[CSB Seminar] Chenyu Wang: Reward-Optimized Discrete Diffusion Models for DNA and Protein Design
Abstract
Diffusion models have shown strong performance on discrete sequence tasks, such as protein inverse folding, by generating natural-like sequences conditioned on structural constraints. However, real-world design problems often require optimizing specific objectives—e.g., generating stable proteins. In this talk, I introduce DRAKES, a new algorithm that fine-tunes pretrained discrete diffusion models to maximize task-specific rewards while preserving sequence naturalness. By leveraging the Gumbel-Softmax trick, DRAKES enables end-to-end reward backpropagation through discrete sampling trajectories. Our theoretical analysis indicates that our approach can generate sequences that are both natural-like (i.e., have a high probability under a pretrained model) and yield high rewards. Unlike prior work in continuous domains, our method tackles unique challenges in the discrete setting, rooted in continuous-time Markov chains.
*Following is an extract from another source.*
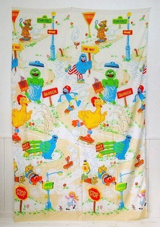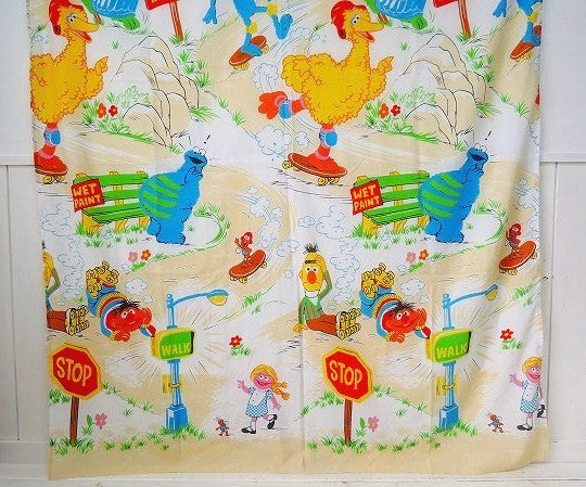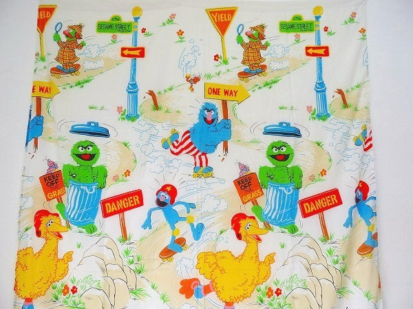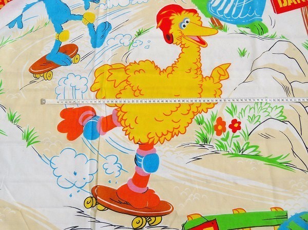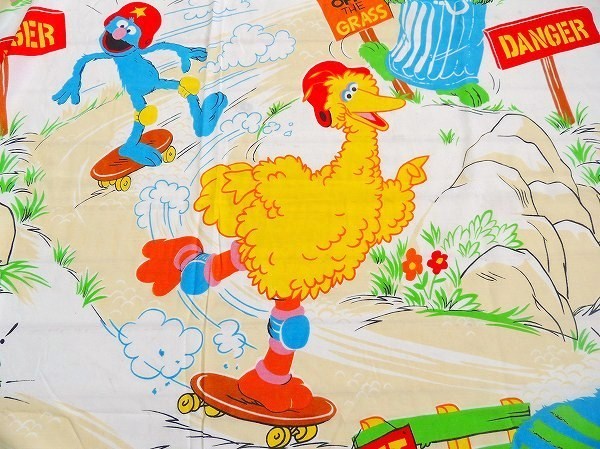 【セサミストリート】スケートボード&ローラースケート柄・ヴィンテージ・USEDフラットシーツ

We demonstrate the effectiveness of our algorithm in generating DNA and protein sequences that optimize enhancer activity and protein stability, respectively, important tasks for gene therapies and protein-based therapeutics.
Speaker Bio
Chenyu Wang is a third-year PhD student at MIT CSAIL, advised by Professor Tommi Jaakkola. Her research interests lie broadly in machine learning, representation learning, generative models, and AI for science. Recently, her research focuses on multi-modal learning, diffusion generative models, and controlled generation. She has completed a research internship at Genentech in Aviv Regev’s lab. Before PhD, she obtained her Bachelor’s degree from Tsinghua University.